While in the past your market may not have been these venues, in today’s environment, it may be necessary to start doing these types of shows.  With the exception of the enormous shows, these venues normally have a very low exhibitors cost and can get decent attendance. Many publications are saying that local show attendances are up because people still like to go out and can’t travel as far as they used to. In addition it provide a market for products the larger retailers just do not offer.

These shows also offer the added benefit of getting close to retail cost for your candle. Normally cash or credit cards are provided and you can gain valuable information from the face to face contact with your customers.

Check with the coordinators of these events and find out if they need door prizes. Use this as an opportunity to send candles from orders that were cancelled or overrun. The show organizers will love the door prizes and you can get some publicity from donating the candles. 

The more you can cater your candles to these events the more success you are likely to have. For example if it is a Strawberry Festival, be sure to have your predominate candles scented with all of your strawberry fragrances. If the event is historic in nature, try offering beeswax candles or tapers and other colonial type candles.   

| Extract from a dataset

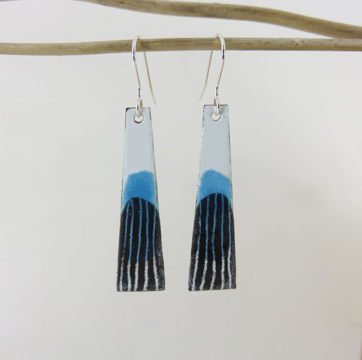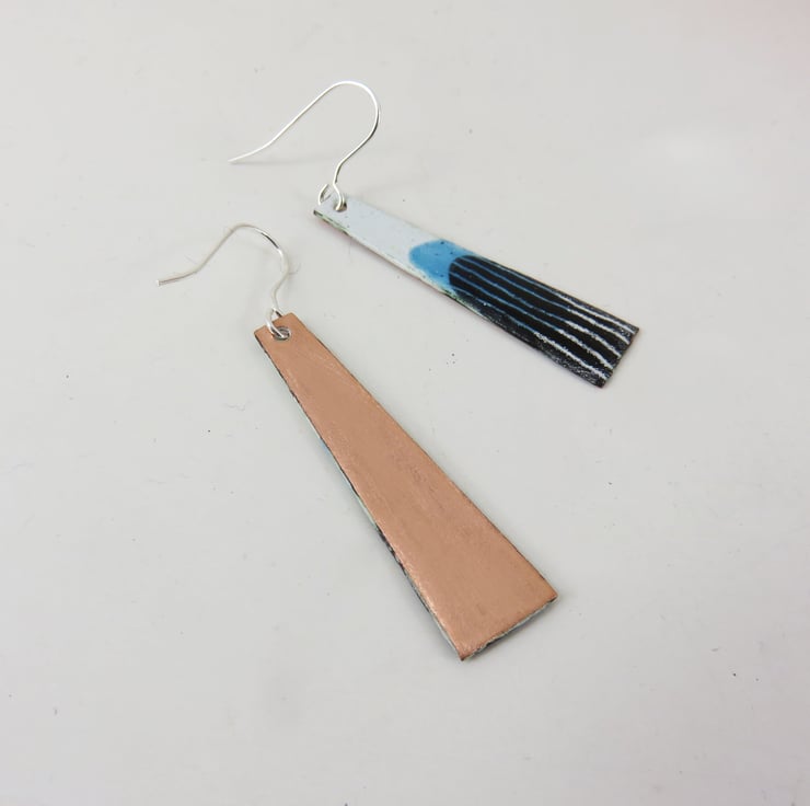 These dangle earrings have a 40mm x 8mm copper rectangle coated in white enamel, hanging on a silver wire. A splodge of turquoise has been painted on the surface followed by a layer of black enamel with hand drawn detail. Fired in the kiln at 830 degrees.

While at the show be sure not to bury yourself behind the counter, be out in front and be ready to answer any questions your customers may have on the product. As tough as it can be for many of us to take time to strike up a pleasant conversation with people passing by, you never know what you may learn. Offer a drawing with a nice prize at the end of the show and have people sign up for the prize. Depending on how you market your candles, capture either the entrant's email address or mailing address (be sure to check out our February 09 issue on Database Marketing for more on this subject). 

Many towns have “Market Days” where they set up an outside area on a regular basis during the summer months and merchants bring home grown products, hand made products and other summer needs.  Be sure to bring some unique candles that may not be found in the traditional retail store.

Avoid Margin Drain in Candle Making (Part 2)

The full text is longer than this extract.